── Data section ──

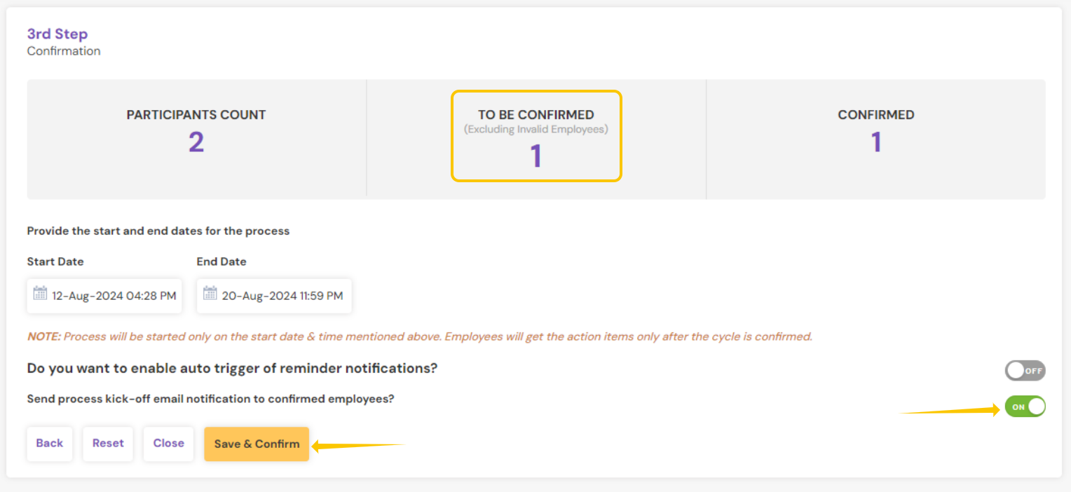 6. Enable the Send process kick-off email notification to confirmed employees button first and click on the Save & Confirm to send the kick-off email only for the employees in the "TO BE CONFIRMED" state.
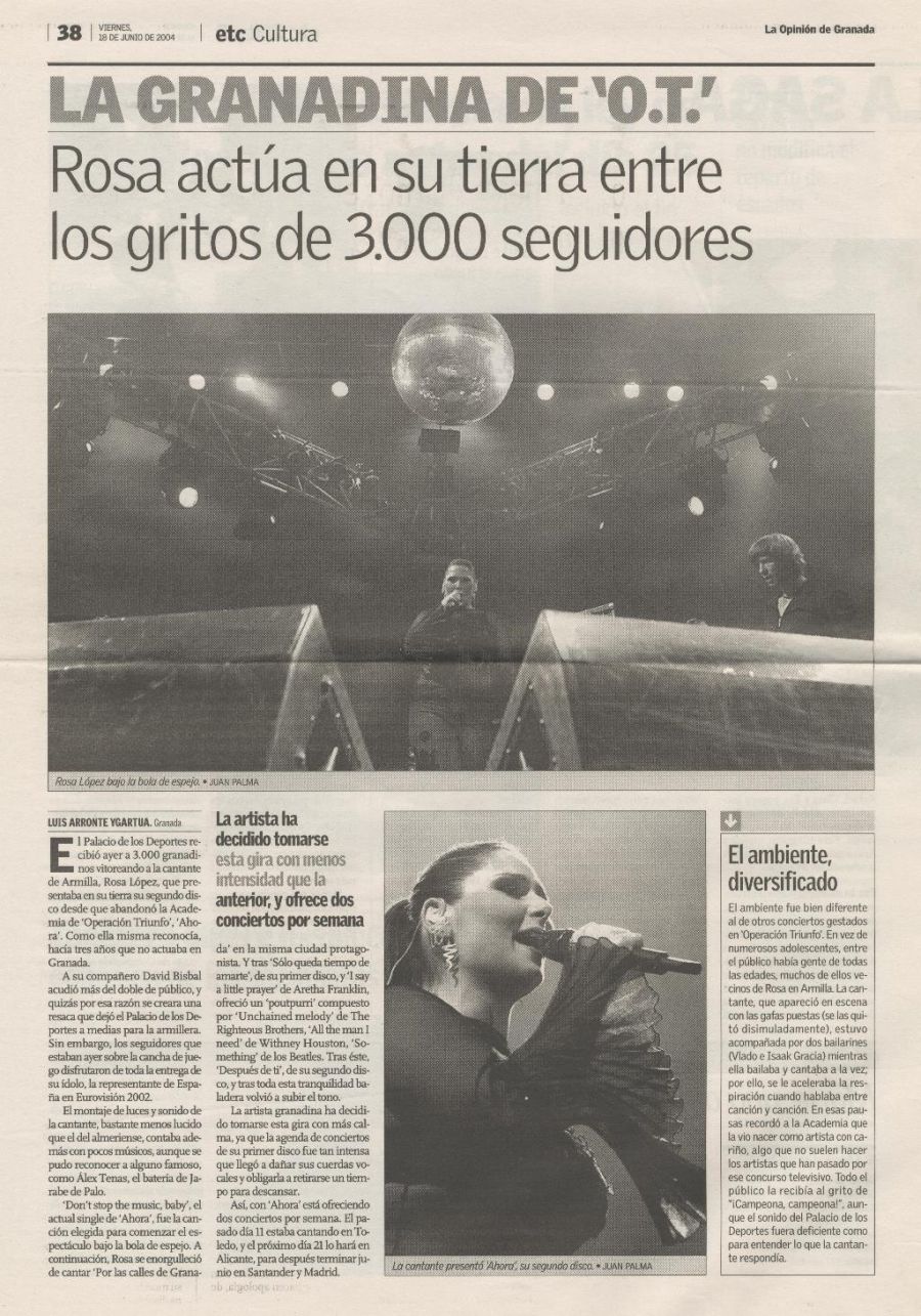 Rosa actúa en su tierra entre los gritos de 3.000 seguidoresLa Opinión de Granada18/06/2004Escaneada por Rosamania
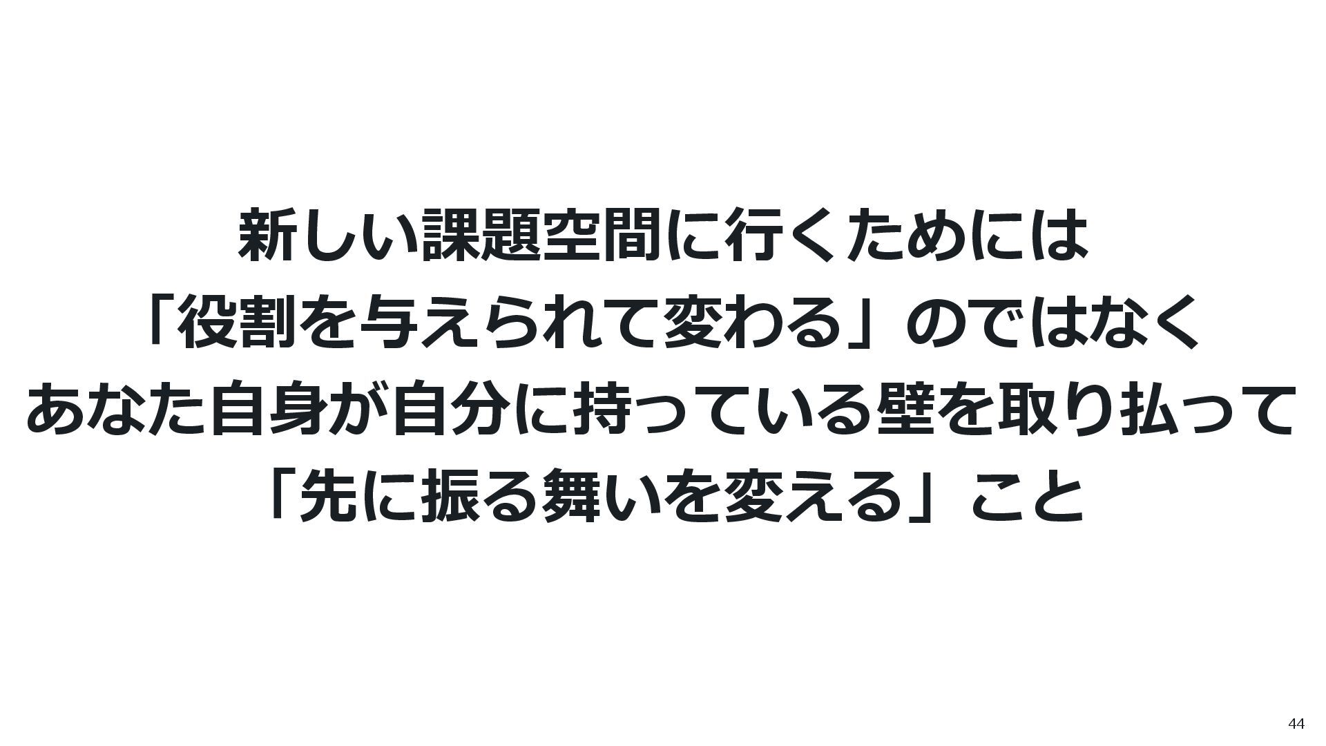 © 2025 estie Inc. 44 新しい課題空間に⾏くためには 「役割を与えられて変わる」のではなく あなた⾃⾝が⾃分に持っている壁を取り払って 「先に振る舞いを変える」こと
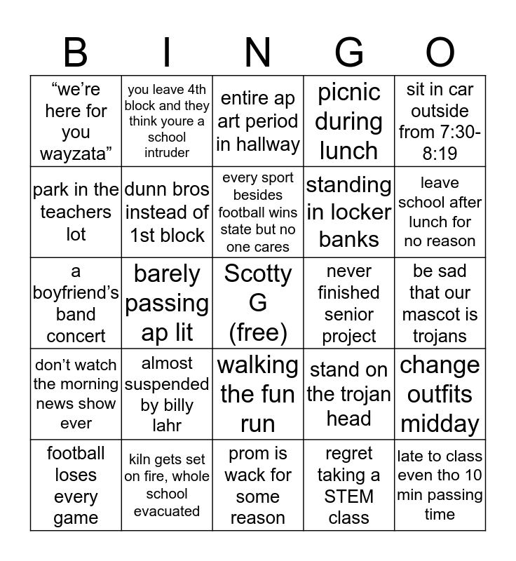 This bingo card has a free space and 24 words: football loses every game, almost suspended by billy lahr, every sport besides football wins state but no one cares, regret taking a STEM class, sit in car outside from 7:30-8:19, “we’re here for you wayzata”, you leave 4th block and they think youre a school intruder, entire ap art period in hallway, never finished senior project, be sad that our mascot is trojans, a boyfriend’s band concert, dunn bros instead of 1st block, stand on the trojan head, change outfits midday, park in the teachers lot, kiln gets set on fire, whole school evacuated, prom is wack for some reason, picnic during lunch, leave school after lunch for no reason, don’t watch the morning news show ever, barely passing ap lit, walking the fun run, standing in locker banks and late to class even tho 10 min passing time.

───
── Data section ──

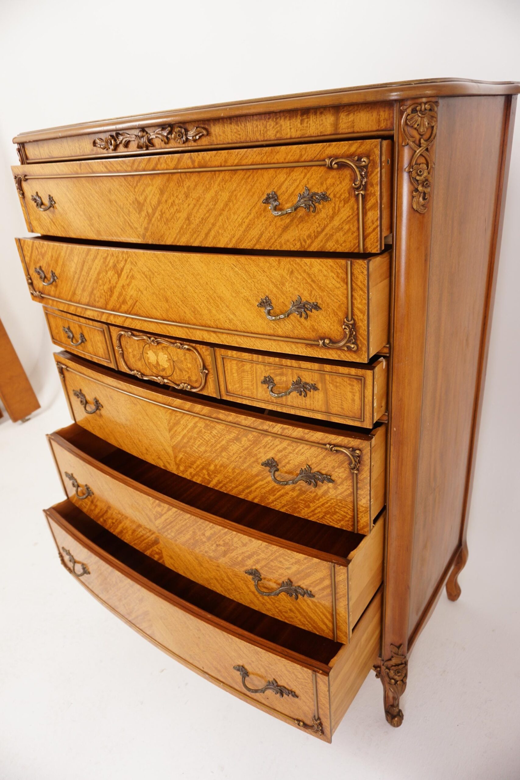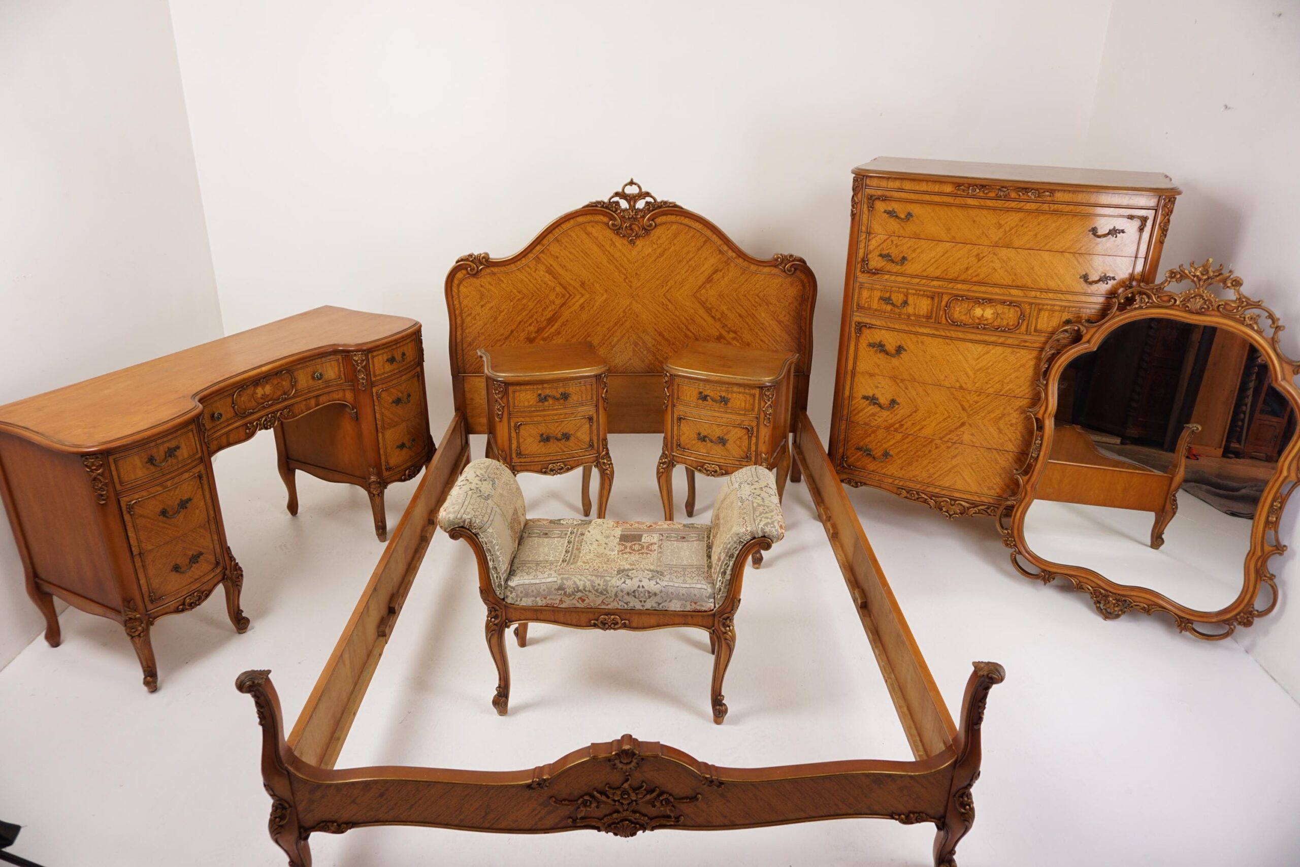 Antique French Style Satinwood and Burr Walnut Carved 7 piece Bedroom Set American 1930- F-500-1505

───
── Data section ──

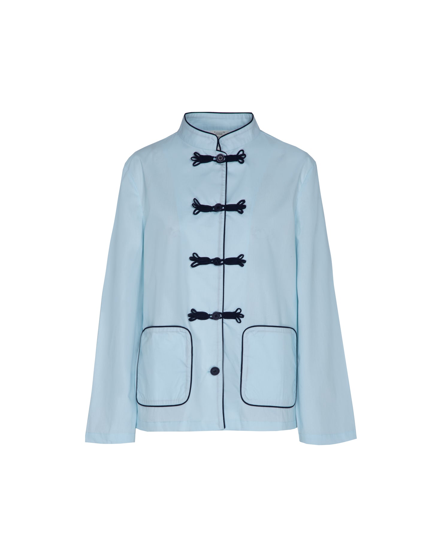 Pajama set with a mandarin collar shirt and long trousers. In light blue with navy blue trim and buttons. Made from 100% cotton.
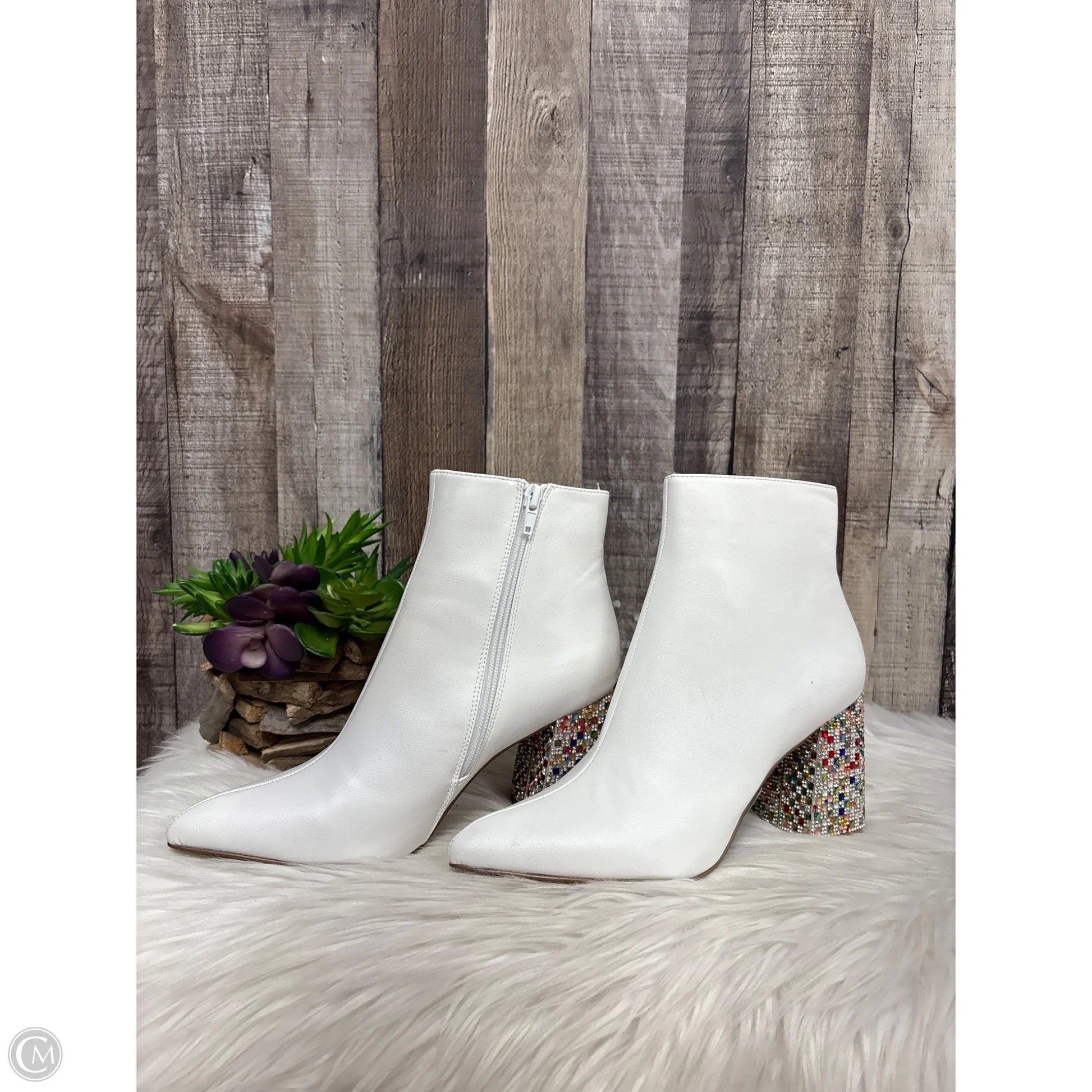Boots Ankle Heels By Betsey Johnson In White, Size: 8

───

Exercise goal: Here the job is to copy the listing above word for word, starting at the line with "Pajama set with" and ending at the line with "Boots Ankle Heels", and to leave out the pictures.

Solution:
 Pajama set with a mandarin collar shirt and long trousers. In light blue with navy blue trim and buttons. Made from 100% cotton.
Boots Ankle Heels By Betsey Johnson In White, Size: 8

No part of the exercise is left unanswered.